Louis Rosher of Zodia Custody — backed by Standard Chartered — described a fundamental trust problem. Traditional financial institutions group all crypto-native firms together and distrust them by default. “A bank CEO with a 40-year career won’t stake it on a single crypto-native counterparty,” Rosher said. Zodia’s strategy is to leverage established banking brands to bridge that gap — a dynamic he projected would persist for the next decade or two. The firm is building DeFi yield access through a Wallet Connect integration, but within a permissioned framework in which each DApp is vetted individually before being offered to clients.

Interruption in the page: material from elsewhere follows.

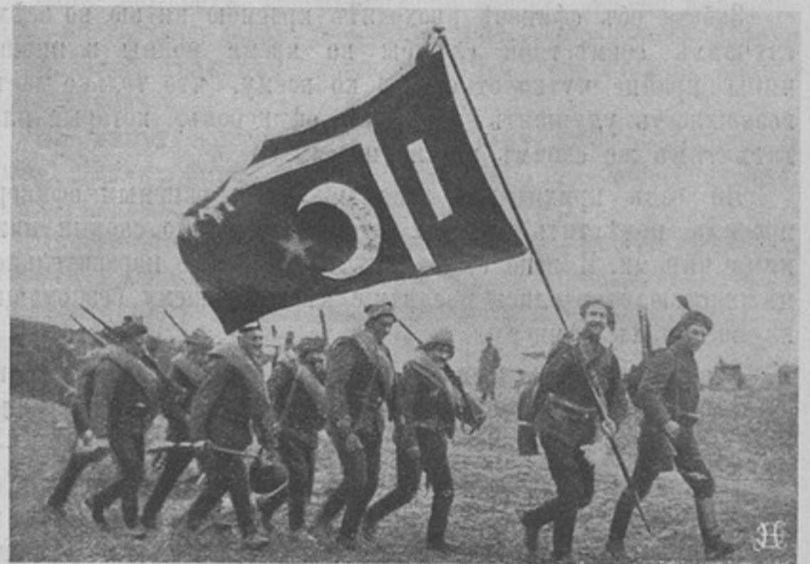
Турецкая пѣхота на походѣ.

Свистя и завывая, проносится въ вышинѣ тяжелый снарядъ тяжелаго орудія и, упавъ на землю, съ оглушительнымъ громомъ взрывается, образуя глубокую воронку.

Steven Tung of Quantum Solutions, Japan’s largest digital asset treasury company, identified a more mundane but critical barrier: reporting format. Institutions don’t want block explorers — they want daily statements, audit trails, and custody proofs in formats their compliance teams already understand. Without traditional-style reporting, he argued, the vast majority of institutional capital will never arrive.
Samuel Chong of Lido outlined three prerequisites for institutional-grade participation: the protocol’s security, ecosystem maturity, including custodian integration and slashing insurance, and regulatory alignment with traditional finance frameworks. He also flagged privacy as a hidden barrier — institutions fear that on-chain position exposure invites front-running and targeted attacks.
Regulation: The Variable That Controls Everything
Anthony Scaramucci used his fireside chat to walk through the Clarity Act — the US market structure bill working through the Senate — and its three key sticking points: the level of KYC/AML requirements for DeFi, whether exchanges can pay interest on stablecoins, and restrictions on crypto investments by the Trump administration and its affiliates.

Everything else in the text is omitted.